From Jail To Freedom, With An Air Ticket Thrown In

Prison was but a brief interruption to the career of the terrorist Tanzania released, writes Mark Riley.

by Mark Riley
The Sydney Morning Herald
September 28, 2001


The Tanzanian Government was enormously proud of itself when it captured Mustafa Mahmoud Said Ahmed in 1998.

It told the FBI that the Egyptian-born terrorist was the vital link it was searching for in its efforts to tie Osama bin Laden to the simultaneous bombings of the US embassies in Dar-es-Salaam and Nairobi in August of that year.

Yet Mustafa Ahmed was freed from jail by the Tanzanian authorities less than a year later in circumstances that still remain unclear. What is clear is that he quickly resumed operations as a banker for bin Laden's al-Qaeda terrorist organisation. Now he is being sought by US investigators over the devastating terrorist attacks on the World Trade Centre and the Pentagon.

How the mysterious banker was able to check out of jail and walk back onto the front line of bin Laden's bloody campaign against America underscores the enormous failings of the global intelligence and investigative efforts against terrorism.

More than 200 people were killed in the 1998 embassy bombings, most of them in Nairobi. Another 5,000 were injured.

Ahmed was picked up in September 1998, along with a Tanzanian co-conspirator, and charged with 11 counts of murder one count for each of those killed in the Dar-es-Salaam bombing. He was locked away in the Ukonga maximum security prison to await trial.

The Tanzanian Home Affairs Minister, Ali Ameir Mohamed, boasted soon after the arrest that Ahmed had admitted his links with bin Laden the first solid evidence connecting the Islamic extremist to the attacks.

Mustafa [Ahmed] is either the mastermind behind the [Tanzania] bombing or is a key person in the bombing conspiracy,'' Ameir said in 1998.

Investigators claimed Ahmed had organised the transfer of funds from an unnamed Middle Eastern bank to Tanzania to bankroll at least the Dar-es-Salaam bombing and possibly the Nairobi one. The money went to the Saudi-financed Greenland Bank of Tanzania, with branches in Dar-es-Salaam and Nairobi.

Traces of the chemicals used to make the Tanzanian bomb were also in Ahmed's car and in the house he used in Dar-es-Salaam. Investigators said they had evidence suggesting that his temporary home had also been a safe house for two other men then being sought for their involvement in the bombing.

The evidence appeared to be overwhelming. The Tanzanian Government seemed to have ample reason to crow.

Several months later, the authorities would make a decision that still stuns the US investigators who led the inquiries into the embassy bombings.
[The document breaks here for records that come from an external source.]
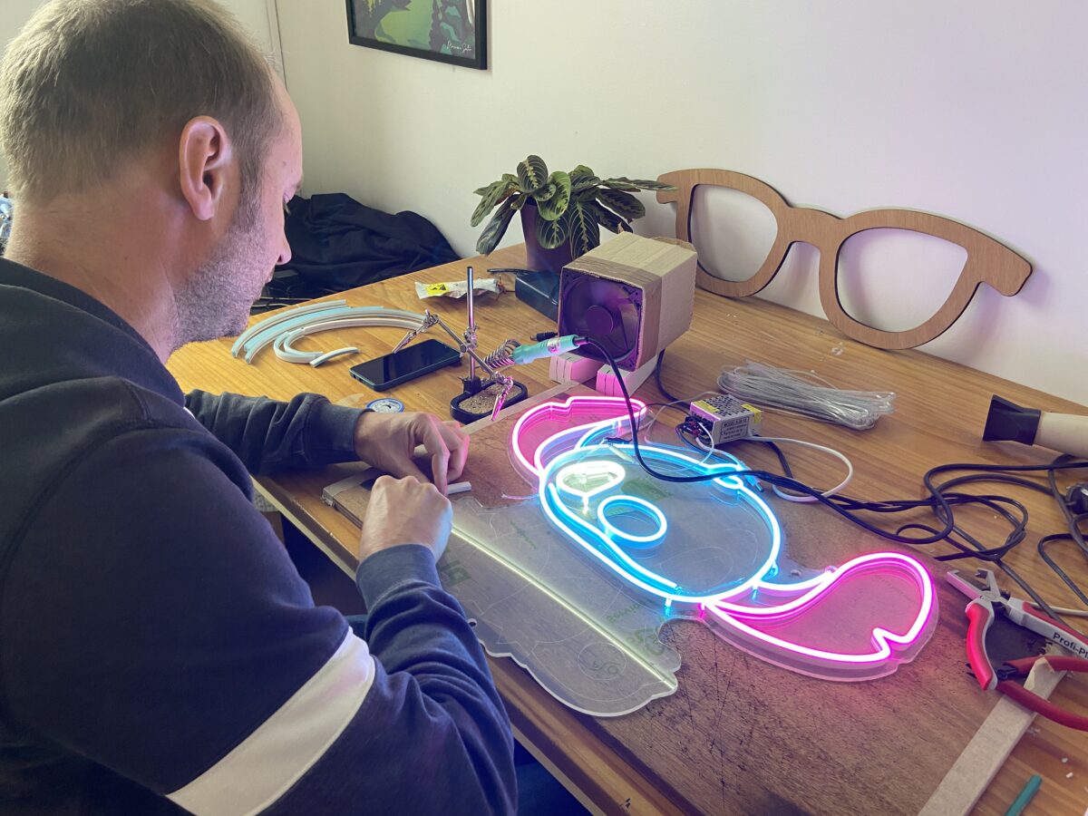 C’est une proposition "d’atelier volant" à Hop hop hop qui a permis au graphiste de développer cette seconde activité professionnelle. L’association lui mettant à disposition un atelier pendant deux mois qui lui a ainsi permis de démarrer son activité et de "développer la technique", nous explique Maxime. Pour mettre à profit cet essai, il s’était fixé un challenge à la fin des deux mois : "j’avais pris un stand à Ludinam pour exposer". Le salon s’est par la suite bien passé et l’artisan a ainsi pu commencer à prendre des contacts pour développer son entreprise. À terme, le Bisontin prévoit d’arrêter son activité de graphiste pour se consacrer uniquement aux néons.
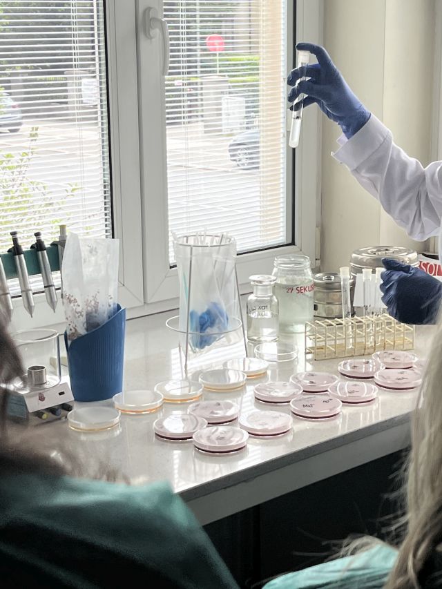 22 maja uczniowie klasy 3A razem z nauczycielkami J. Michalską i M. Brakoniecką odwiedzili laboratoria Wojewódzkiej Stacji Sanitarno-Epidemiologicznej w Poznaniu. W trakcie dwugodzinnego spotkania młodzież została wprowadzona w realia pracy laboratoryjnej związanej z bezpieczeństwem żywności, higieną środowiska oraz oceną warunków pracy. W laboratorium mikrobiologicznym uczniowie poznali metody identyfikacji i hodowli bakterii. Szczególne zainteresowanie wzbudziła prezentacja bakterii wyhodowanych z codziennie dotykanych powierzchni – m.in. z klamek i telefonów komórkowych – oraz porównanie skuteczności mycia rąk samą wodą, wodą z mydłem w porównaniu do niemycia w ogóle. Kolejnym etapem wycieczki były pracownie zajmujące się badaniem żywności pod kątem obecności organizmów modyfikowanych genetycznie (GMO) oraz oceną materiałów mających kontakt z żywnością, ze szczególnym uwzględnieniem substancji potencjalnie szkodliwych. Uczniowie odwiedzili również laboratorium badań środowiska pracy, gdzie zaprezentowano metody monitorowania czynników szkodliwych na stanowiskach pracy.
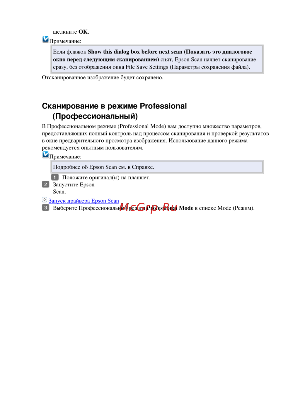 окно перед следующим сканированием) снят, Epson Scan начнет сканирование
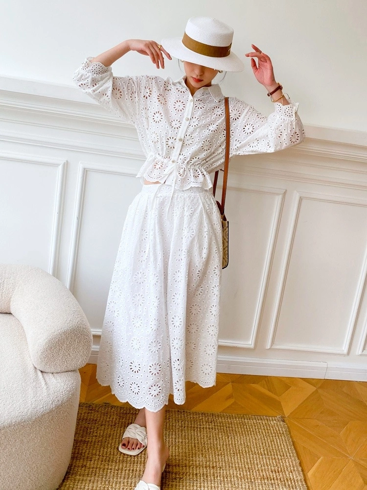 Sơ mi ren hoặc đục lỗ màu trắng mang phong cách đồng quê được nhiều người ưa chuộng hè năm nay. Theo WWW, đây cũng là món đồ dễ dàng phối với váy và các kiểu quần. Ảnh: Pinterest

Without warning and without fully explaining their reasons, the Tanzanian prosecutors dropped all charges against Ahmed, released him from jail and bought him a one-way ticket to Cairo.

It is now clear he re-engaged with al-Qaeda operatives almost immediately and moved to the United Arab Emirates. He is now on the run again, the chief suspect in orchestrating the flow of funds used to bankroll the terrorist attacks on New York and Washington.

Mohamed Atta, regarded as the central figure among the 19 hijackers responsible for the attacks, mailed a package to Ahmed in the UAE from a Florida computer and photocopy store a week before he flew one of the hijacked jets into the World Trade Centre.

"We don't know for sure what was in the package,'' a government official told Newsweek this week. But Mustafa could be the key to bin Laden's finances. We're taking a hard look at him.''

Several other hijackers wired him money in the days before the attacks. It is suspected that the money was left over from their bankroll after they had paid for their flying lessons, accommodation, hire cars and airline tickets.

Other amounts were wired to the Middle East by Nabil al-Marabh, regarded as a key link in a Boston cell loyal to bin Laden which appears to have figured prominently in arranging accommodation and transport in the final days before the attack.

FBI agents picked up al-Marabh in Chicago last week and interrogated him for four days before he was flown to New York, where he is being held without charge.

US intelligence places Ahmed in a business in the mid-1990s with bin Laden's former secretary, Wadih el-Hage. The pair ran an export business, trading gems in Nairobi. It is suspected that the operation was one of many set up by bin Laden operatives as ways of funnelling funds to and from al-Qaeda through seemingly legitimate business accounts.

El-Hage, a US citizen by marriage, is in maximum security in New York, awaiting sentencing for his role in bin Laden's global terrorism conspiracies, including the 1998 embassy bombings.

Ahmed's exact whereabouts remain unknown.